# Stuhrling & Gigandet watches



## Redmonds (May 30, 2013)

Good afternoon

I was looking at buying a dive watch from one of these two brands as they seem to offer some nice pieces for the money. I think they are both using generic Miyota movements so I wanted to know if anyone has owned one or has some thoughts on the quality. I have seen a few Stuhrlings on the forum but no Gigandets.

Cheers


----------



## Guest (Jun 21, 2015)

i had a Stuhrling, i returned it as it was poop and Gigandet are pushed as related to Brietling which i think is wishfull thinking IMO, i think for the money you can do a lot better IMO


----------



## Redmonds (May 30, 2013)

Bruce said:


> i had a Stuhrling, i returned it as it was poop and Gigandet are pushed as related to Brietling which i think is wishfull thinking IMO, i think for the money you can do a lot better IMO


Thanks for the info mate


----------



## Roy (Feb 23, 2003)

I don't know what the quality is like but they are cheap and I really like these :

http://www.ebay.co.uk/itm/Gigandet-SPEED-TIMER-Herren-Chronograph-mit-Datumsanzeige-Lederarmband-G7-008-/331467226270?pt=LH_DefaultDomain_77&hash=item4d2cfc7c9e


----------



## Redmonds (May 30, 2013)

Roy said:


> I don't know what the quality is like but they are cheap and I really like these :
> 
> http://www.ebay.co.uk/itm/Gigandet-SPEED-TIMER-Herren-Chronograph-mit-Datumsanzeige-Lederarmband-G7-008-/331467226270?pt=LH_DefaultDomain_77&hash=item4d2cfc7c9e


That does look nice. I`ve been looking at the Yacht-Master I homage, for the price and movement it seems ok


----------



## kevkojak (May 14, 2009)

Steer clear of Stuhrling, I fell into the trap as well. There is a reason they are cheap: They are shi  Not very good.

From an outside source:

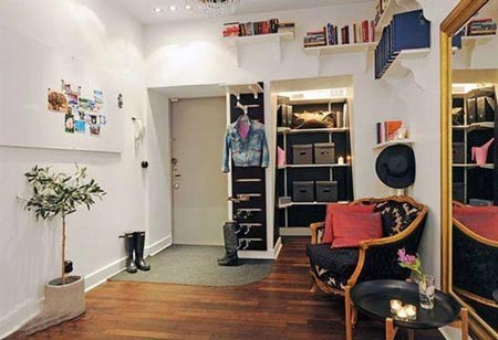 亮點1:進門處的墻面也被充分利用起來掛衣服、擺鞋子,還可以坐著喝杯咖啡?吹缴嘲l(fā)椅上面的墻面了嗎,是不是得感嘆對于墻面空間功能的充分挖掘。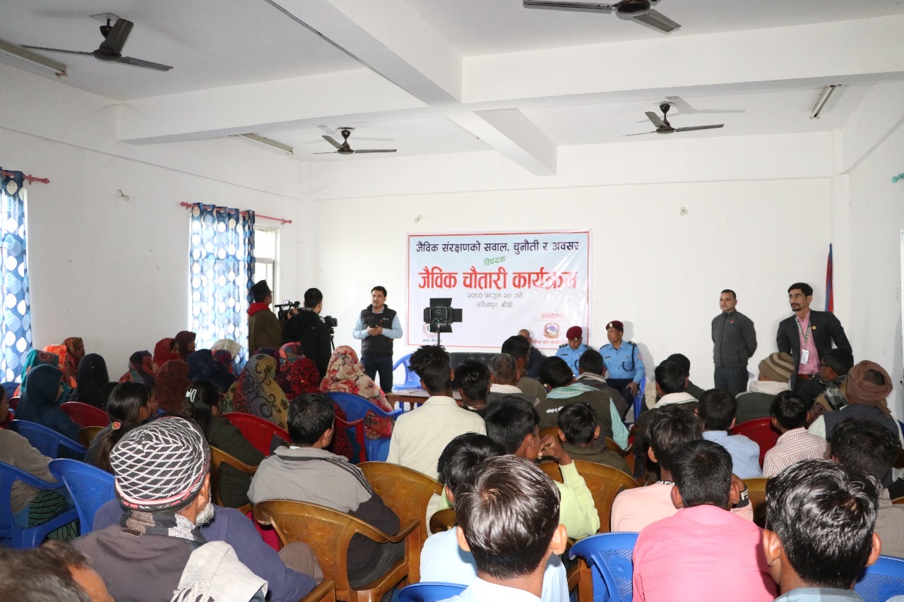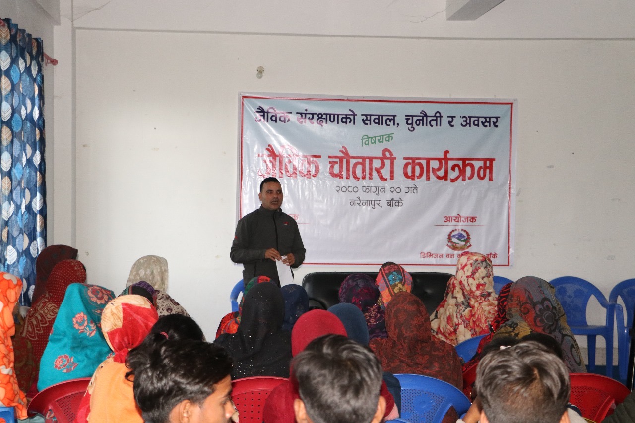 जैविक चौतारी कार्यक्रम मार्फत जैविक विविधताको संरक्षण गर्न सरोकारवालले जोड दिएका छन् । डिभिजन वन कार्यालय बाँके र बास नेपालको सयुंक्त आयोजनामा फाुगन २० गते नरैनापुर गाउँपालिकाको वडा नं. १, २ र ३ का स्थानीय नागरिक, सामुदायिक वन उपभोक्ता समितिका पदाधिकारीहरु, सुरक्षाकर्मी, सामुदायिक वन उपभोक्ता महासंघ, स्थानीय जनप्रतिनिधिहरु सहित २०० जनाको सहभागिता रहेको जैविक चौतारी कार्यक्रमा पाँच बुद्धे प्रतिबद्धता जाहेर गर्दै सरोकारवालाहरुले स्थानीय नागरिकहरु नै वन संरक्षणमा जुट्नु पर्नेमा जोड दिइएका छन् ।

Mine stopped within a month, I tried to return it but they didn't want to know. Contemplated getting it sorted myself through my watchmaker, but he laughed at me and advised (in his professional capacity) that it needed binning, not fixing.


----------



## kevkojak (May 14, 2009)

Just looked in to the Gigandet/Breitling "link". That alone has put me off ever owning one; utter tosh.

Wakmann (another one people try to pretend is a Breitling spin-off) was a German watchmaker and dealer in New York. he specialised in pilot and military watches and some are really nice watches actually. Anyway, he was the first dealer to introduce Breitling to North America and did some sort of deal where his name appeared on some of the dials. i.e. Breitling presented by Wakmann.

It appears Gigandet, in its original incarnation as a quality watch house, had a similar deal.

Gigandet went tits-up 30-odd years ago, but someone bought the name in 2011 and stuck it on some cheap generic watches and is now trying to link into that Breitling heritage. Horrible. Just horrible.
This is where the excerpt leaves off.